#### Task description
Could the data below be printed out exactly, with the pictures left out?

>>>

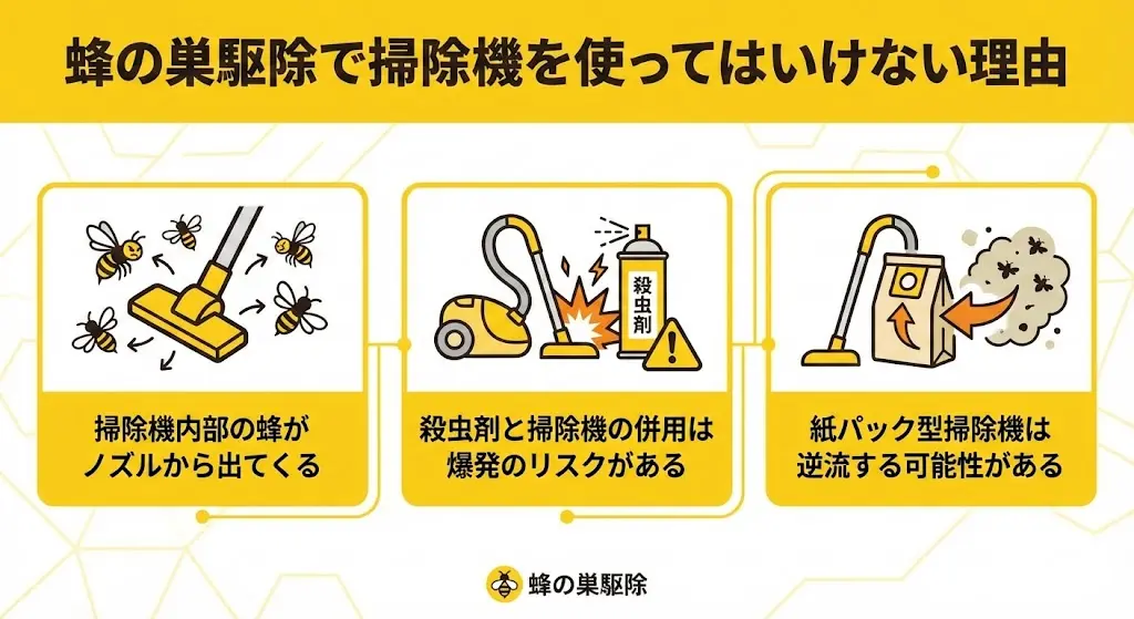 ここでは、蜂の巣駆除で掃除機を使ってはいけない理由を解説していきます。
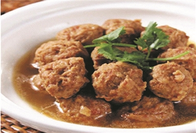 黄焖丸子,是大同人十分喜爱的一道美食,也是老大同“八大件”之一。说起丸子的来历,民间流传着多个版本,时间最早的说其起源于秦朝。根据稗史记载,秦始皇好吃鱼,每餐必要有鱼,但又不能有刺,如有鱼刺则赐厨师死。一天,一位厨师在制作御膳时,见到鱼又胆怯又发恨,就用刀背砸鱼发泄。没想到,砸着砸着,他发现鱼刺鱼骨竟自动露了出来,鱼肉成了鱼茸。于是,厨师急中生智,挑出鱼刺,将鱼茸捏成圆形,投入烧沸的豹胎汤中。不一会儿,一个个色泽洁白、柔软鲜嫩的鱼丸浮于汤面上。这道菜呈上去后,秦始皇一尝赞不绝口,问其何名?厨师答:“首奉陛下,暂无名。”秦始皇见其数为九,状如点,就随手写下“九”字。又觉得少了点什么,便又加了一点,成了“丸”字。因其盛在碗里,遂称该字与“碗”同音。后来,这种做法从宫廷传到民间,食材也不仅限于鱼肉,渐渐演变为现在的猪肉丸、牛肉丸、羊肉丸、素丸子等等。
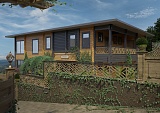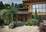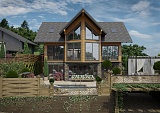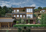 Используемые материалы на фасаде: Витражи, окна, двери – деревянный профиль цвет - серый; стеклопакеты; утеплитель –минерало-ватные плиты; финишные отделочные материалы фасада- дерево (крашеное); Экраны ограждения балконов – нержавеющая сталь, стекло.
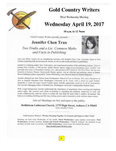 Gold Country Writers Third Wednesday Meeting Wednesday April 19, 2017 10 a.m. to 12 Noon 6
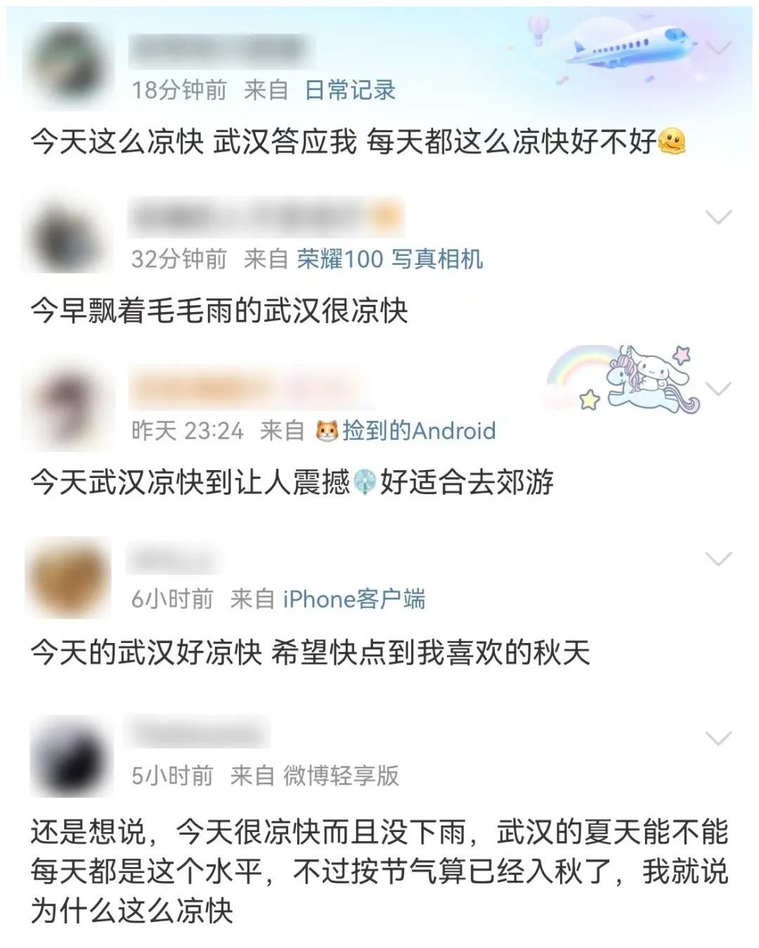 昨天武汉最高气温为31.7℃,最低气温为23.8℃,创八月以来的新低。
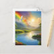 An image of a dove flying over a serene landscape with a rainbow in the sky.

<<<

#### Answer to the exercise
 ここでは、蜂の巣駆除で掃除機を使ってはいけない理由を解説していきます。
 黄焖丸子,是大同人十分喜爱的一道美食,也是老大同“八大件”之一。说起丸子的来历,民间流传着多个版本,时间最早的说其起源于秦朝。根据稗史记载,秦始皇好吃鱼,每餐必要有鱼,但又不能有刺,如有鱼刺则赐厨师死。一天,一位厨师在制作御膳时,见到鱼又胆怯又发恨,就用刀背砸鱼发泄。没想到,砸着砸着,他发现鱼刺鱼骨竟自动露了出来,鱼肉成了鱼茸。于是,厨师急中生智,挑出鱼刺,将鱼茸捏成圆形,投入烧沸的豹胎汤中。不一会儿,一个个色泽洁白、柔软鲜嫩的鱼丸浮于汤面上。这道菜呈上去后,秦始皇一尝赞不绝口,问其何名?厨师答:“首奉陛下,暂无名。”秦始皇见其数为九,状如点,就随手写下“九”字。又觉得少了点什么,便又加了一点,成了“丸”字。因其盛在碗里,遂称该字与“碗”同音。后来,这种做法从宫廷传到民间,食材也不仅限于鱼肉,渐渐演变为现在的猪肉丸、牛肉丸、羊肉丸、素丸子等等。
 Используемые материалы на фасаде: Витражи, окна, двери – деревянный профиль цвет - серый; стеклопакеты; утеплитель –минерало-ватные плиты; финишные отделочные материалы фасада- дерево (крашеное); Экраны ограждения балконов – нержавеющая сталь, стекло.
 Gold Country Writers Third Wednesday Meeting Wednesday April 19, 2017 10 a.m. to 12 Noon 6
 昨天武汉最高气温为31.7℃,最低气温为23.8℃,创八月以来的新低。
 An image of a dove flying over a serene landscape with a rainbow in the sky.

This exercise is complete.